**INSTRUCTIONS FOR THE TASK**
The first line of the listing opens the range and the line with "The cyclorama, under" closes it; repeat those lines and all between them word for word, leaving out the pictures.
DATASET EXTRACT Block Start
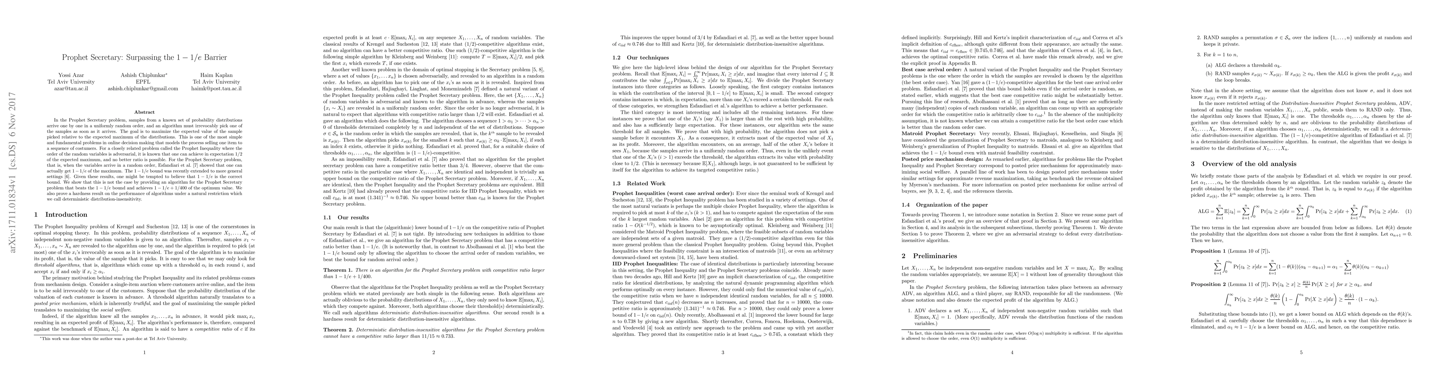 This paper presents an algorithm that surpasses the $1-1/e$ bound for the Prophet Secretary problem, achieving $1-1/e+1/400$ of the optimum value. It also establishes a hardness result for algorithms under the restriction of deterministic distribution-insensitivity.
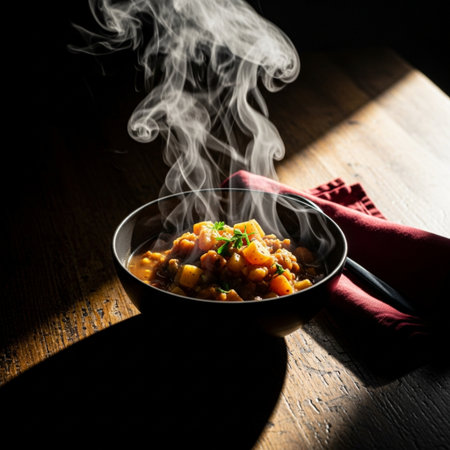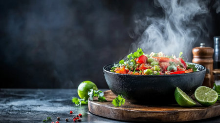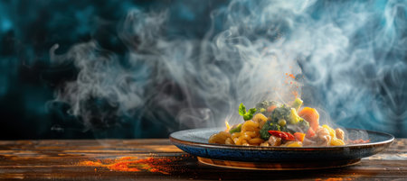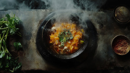 A dramatic cooking moment captured with rising steam, fresh herbs, utensils, and spices on a rustic table. The smoky atmosphere adds a dynamic touch.
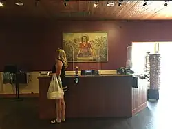 The cyclorama, under the genius of this man, came out a masterpiece. The only concession Paul asked, to which Walter Knott readily agreed, was the exclusive right to manufacture and sell art souvenirs, booklets and paintings on the premise.[12] Von Klieben lived on the farm and had his studio "at the end of the Ghost Town Trail," in "the adobe building which adjoins Ghost Town" that was completed shortly before February 1942 and was constructed of adobe bricks made on the property. This building is likely that which is now used as the entrance to Spurs restaurant.[13][14]
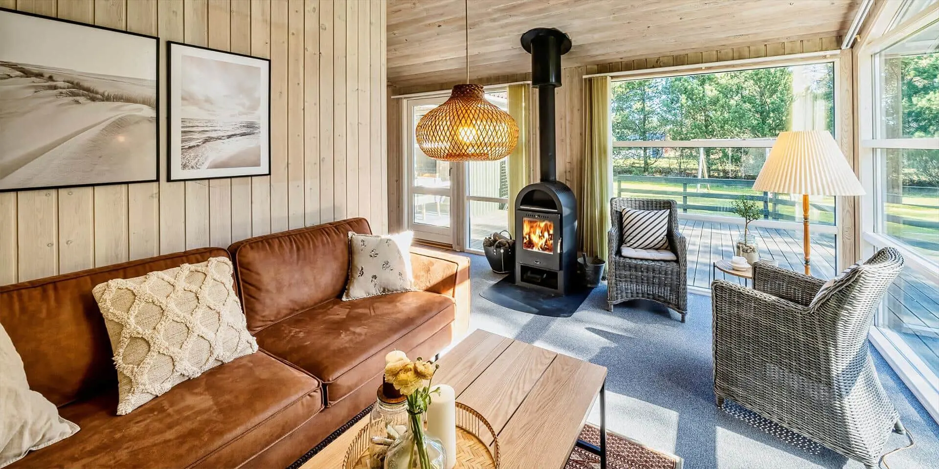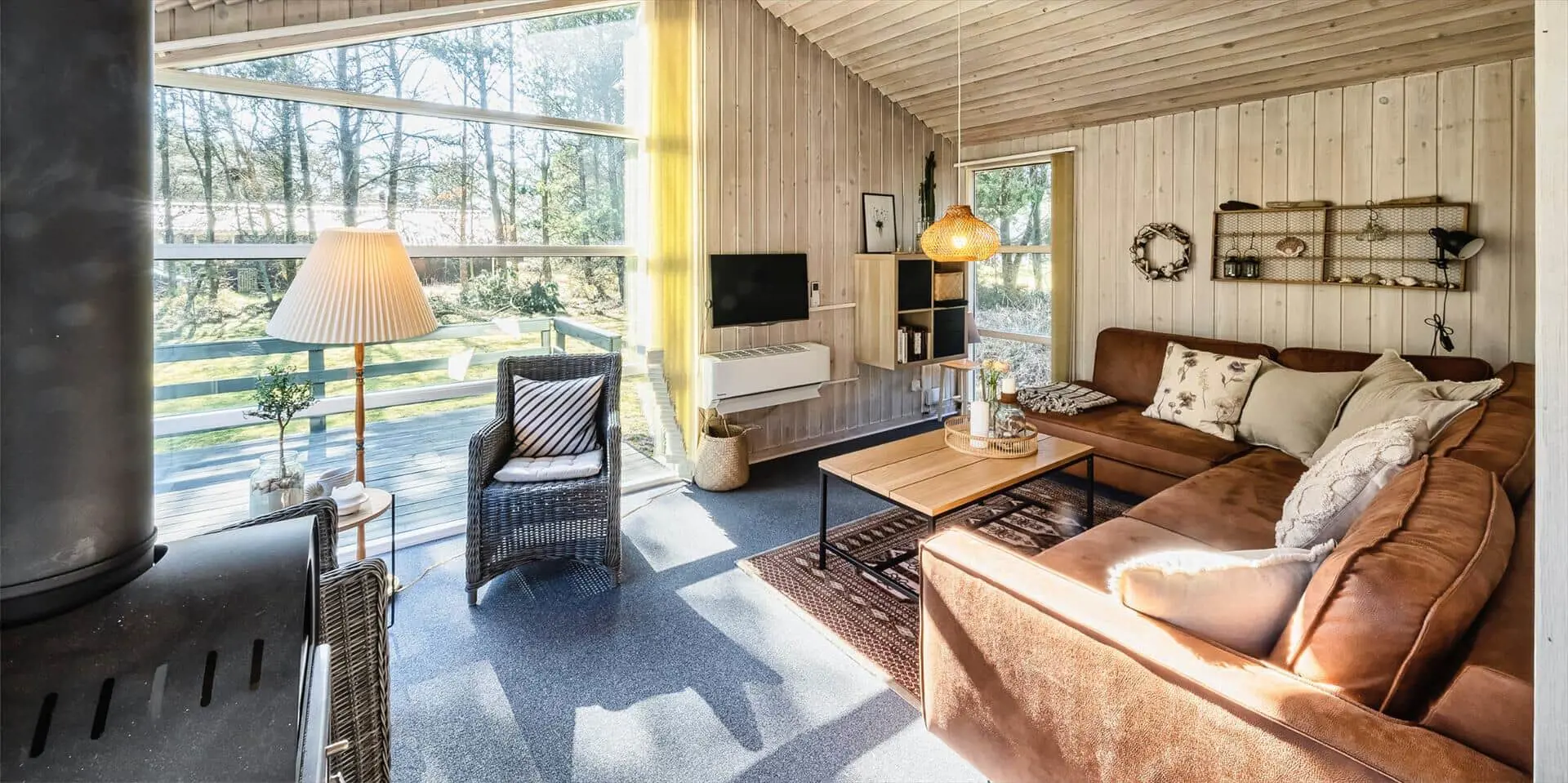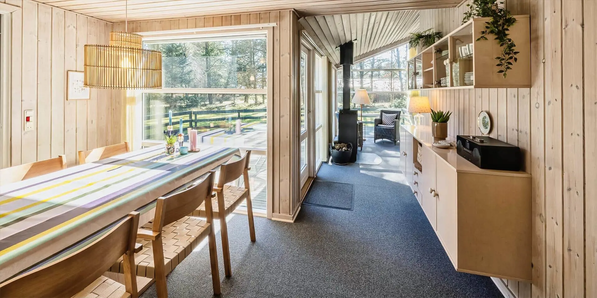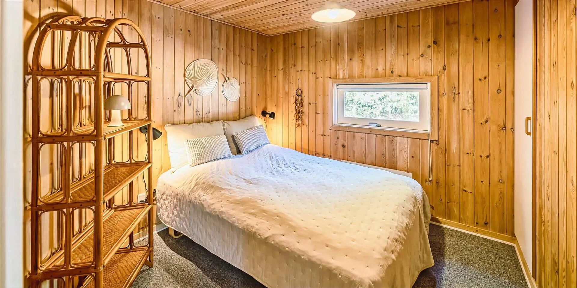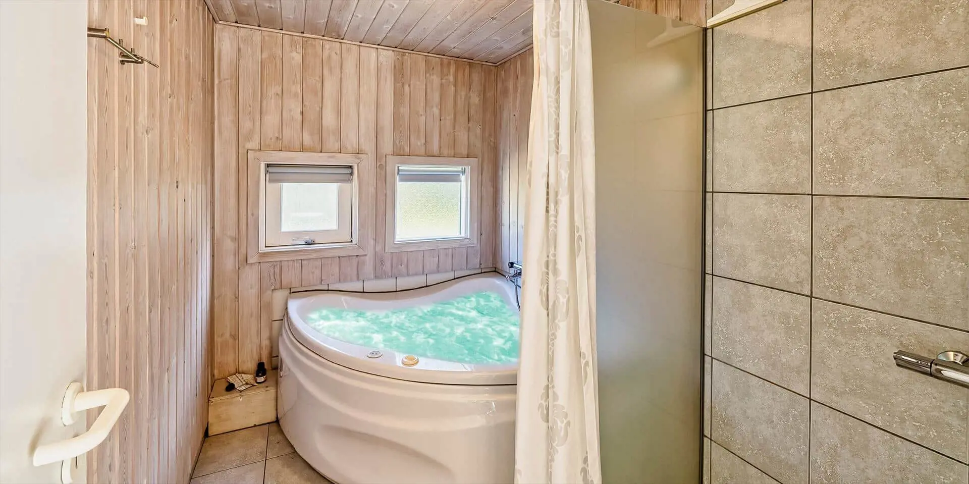 Das Haus liegt auf einem großzügigem Natur- und Waldgrundstück gelegen. Es bietet Platz für 6 bis 8 Personen. Das Ferienhaus ist ca. 1 Km vom Strand entfernt. Das Wohnzimmer ist nett eingerichtet und verfügt über eine gemütliche Rundsitzecke mit Kamin. Das deutsche Fernsehprogramm empfangen Sie über Stofa, dadurch empfangen Sie nur 5-8 deutsche Kanäle oder über Google Chromecast. DVD-Spieler. Es befindet sich eine Warmepumpe im Ferienhaus. Mit dieser Warmepumpe haben sie die Möglichkeit die Stromkosten zu senken, denn die Warmepumpe ist energiesparend. Der Küchenbereich ist zur Essecke offen gehalten, sozusagen eine Wohnküche. Die Kochinsel verfügt über einen Herd mit Platten und einem Backofen. Desweiteren ist die Küche mit einer Geschirrspülmaschine, einer Mikrowelle und einer Kühl- und Gefrierkombination ausgestattet. Das Badezimmer beinhaltet ein WC, ein Handwaschbecken und eine Dusche. Die Waschmaschine und der Trockner sind ebenfalls im Badezimmer untergebracht. In einen separate Badezimmer befindet sich der Whirlpool, eine Sauna und zusätzlich eine Dusche. Es gibt insgesamt 4 Schlafzimmer im Ferienhaus. Zwei der Schlafzimmer verfügen über je einem Doppelbett und die beiden anderen Schlafzimmer haben je ein Etagenbett. Ein gemütlicher Terrassenbereich steht am Haus ebenfalls zur Verfügung. Das Ferienhaus verfügt über einen Internetanschluss (W-Lan). Es sind max. drei Haustiere erlaubt. Für die Kleinen Gäste steht ein Schaukelstativ auf dem Grundstück zur Verfügung. Das Ferienhaus ist in 1968 erbaut worden und in 1991 renoviert. Rauchen im Haus ist nicht erlaubt.
DATASET EXTRACT Block End
**RESULT**
 This paper presents an algorithm that surpasses the $1-1/e$ bound for the Prophet Secretary problem, achieving $1-1/e+1/400$ of the optimum value. It also establishes a hardness result for algorithms under the restriction of deterministic distribution-insensitivity.
 A dramatic cooking moment captured with rising steam, fresh herbs, utensils, and spices on a rustic table. The smoky atmosphere adds a dynamic touch.
 The cyclorama, under the genius of this man, came out a masterpiece. The only concession Paul asked, to which Walter Knott readily agreed, was the exclusive right to manufacture and sell art souvenirs, booklets and paintings on the premise.[12] Von Klieben lived on the farm and had his studio "at the end of the Ghost Town Trail," in "the adobe building which adjoins Ghost Town" that was completed shortly before February 1942 and was constructed of adobe bricks made on the property. This building is likely that which is now used as the entrance to Spurs restaurant.[13][14]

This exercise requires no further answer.